▸ **DIRECTIONS**
Print the listing from its top line through the line containing "VU Logger 是記錄儲(chǔ)存和運(yùn)輸溫度敏感產(chǎn)品溫度的理想設(shè)備。", nothing more, and leave out the pictures.

▸ **MATERIAL PROVIDED**

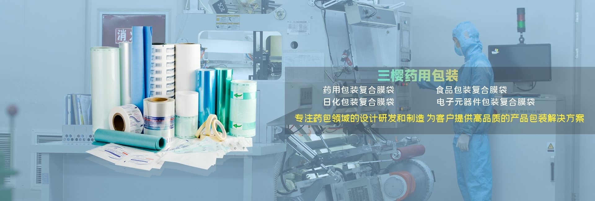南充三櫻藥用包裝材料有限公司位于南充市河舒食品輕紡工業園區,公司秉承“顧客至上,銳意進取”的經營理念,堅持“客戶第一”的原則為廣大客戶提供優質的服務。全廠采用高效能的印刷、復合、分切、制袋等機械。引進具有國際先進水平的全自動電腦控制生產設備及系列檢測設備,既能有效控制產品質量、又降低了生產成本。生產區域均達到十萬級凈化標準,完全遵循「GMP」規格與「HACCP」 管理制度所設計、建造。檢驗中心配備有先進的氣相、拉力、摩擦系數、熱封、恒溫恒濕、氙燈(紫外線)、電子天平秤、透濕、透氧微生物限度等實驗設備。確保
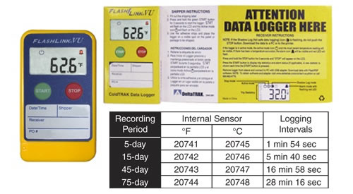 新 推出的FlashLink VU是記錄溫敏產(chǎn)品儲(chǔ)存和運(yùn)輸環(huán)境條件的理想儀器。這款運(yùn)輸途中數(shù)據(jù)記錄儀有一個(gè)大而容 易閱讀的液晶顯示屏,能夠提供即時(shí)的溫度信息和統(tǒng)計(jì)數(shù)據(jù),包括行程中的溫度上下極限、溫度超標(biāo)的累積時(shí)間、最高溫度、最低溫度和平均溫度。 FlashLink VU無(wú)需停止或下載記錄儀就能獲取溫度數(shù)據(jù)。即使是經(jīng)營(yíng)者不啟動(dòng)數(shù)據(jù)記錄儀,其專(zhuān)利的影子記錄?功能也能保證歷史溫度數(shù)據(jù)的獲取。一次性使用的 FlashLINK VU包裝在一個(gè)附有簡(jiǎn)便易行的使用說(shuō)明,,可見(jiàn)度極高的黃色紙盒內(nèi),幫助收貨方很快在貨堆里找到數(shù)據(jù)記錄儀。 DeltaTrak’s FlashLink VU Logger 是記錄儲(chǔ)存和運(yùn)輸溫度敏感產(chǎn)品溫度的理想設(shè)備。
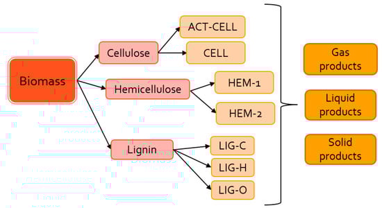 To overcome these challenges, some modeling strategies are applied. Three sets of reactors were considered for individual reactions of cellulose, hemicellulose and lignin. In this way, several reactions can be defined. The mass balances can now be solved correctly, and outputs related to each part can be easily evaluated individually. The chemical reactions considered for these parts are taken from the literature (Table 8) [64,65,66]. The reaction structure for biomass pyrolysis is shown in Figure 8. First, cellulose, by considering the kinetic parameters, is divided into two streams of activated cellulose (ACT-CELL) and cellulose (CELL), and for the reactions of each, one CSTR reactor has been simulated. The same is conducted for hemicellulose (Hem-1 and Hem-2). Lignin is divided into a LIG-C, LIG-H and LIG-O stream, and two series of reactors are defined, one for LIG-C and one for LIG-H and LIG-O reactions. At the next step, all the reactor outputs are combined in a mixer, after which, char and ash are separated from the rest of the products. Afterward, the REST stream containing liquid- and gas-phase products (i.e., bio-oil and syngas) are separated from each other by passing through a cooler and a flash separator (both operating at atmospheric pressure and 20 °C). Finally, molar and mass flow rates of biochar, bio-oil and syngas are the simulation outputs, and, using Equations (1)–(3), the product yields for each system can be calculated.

▸ **ANSWER SECTION**
南充三櫻藥用包裝材料有限公司位于南充市河舒食品輕紡工業園區,公司秉承“顧客至上,銳意進取”的經營理念,堅持“客戶第一”的原則為廣大客戶提供優質的服務。全廠采用高效能的印刷、復合、分切、制袋等機械。引進具有國際先進水平的全自動電腦控制生產設備及系列檢測設備,既能有效控制產品質量、又降低了生產成本。生產區域均達到十萬級凈化標準,完全遵循「GMP」規格與「HACCP」 管理制度所設計、建造。檢驗中心配備有先進的氣相、拉力、摩擦系數、熱封、恒溫恒濕、氙燈(紫外線)、電子天平秤、透濕、透氧微生物限度等實驗設備。確保
 新 推出的FlashLink VU是記錄溫敏產(chǎn)品儲(chǔ)存和運(yùn)輸環(huán)境條件的理想儀器。這款運(yùn)輸途中數(shù)據(jù)記錄儀有一個(gè)大而容 易閱讀的液晶顯示屏,能夠提供即時(shí)的溫度信息和統(tǒng)計(jì)數(shù)據(jù),包括行程中的溫度上下極限、溫度超標(biāo)的累積時(shí)間、最高溫度、最低溫度和平均溫度。 FlashLink VU無(wú)需停止或下載記錄儀就能獲取溫度數(shù)據(jù)。即使是經(jīng)營(yíng)者不啟動(dòng)數(shù)據(jù)記錄儀,其專(zhuān)利的影子記錄?功能也能保證歷史溫度數(shù)據(jù)的獲取。一次性使用的 FlashLINK VU包裝在一個(gè)附有簡(jiǎn)便易行的使用說(shuō)明,,可見(jiàn)度極高的黃色紙盒內(nèi),幫助收貨方很快在貨堆里找到數(shù)據(jù)記錄儀。 DeltaTrak’s FlashLink VU Logger 是記錄儲(chǔ)存和運(yùn)輸溫度敏感產(chǎn)品溫度的理想設(shè)備。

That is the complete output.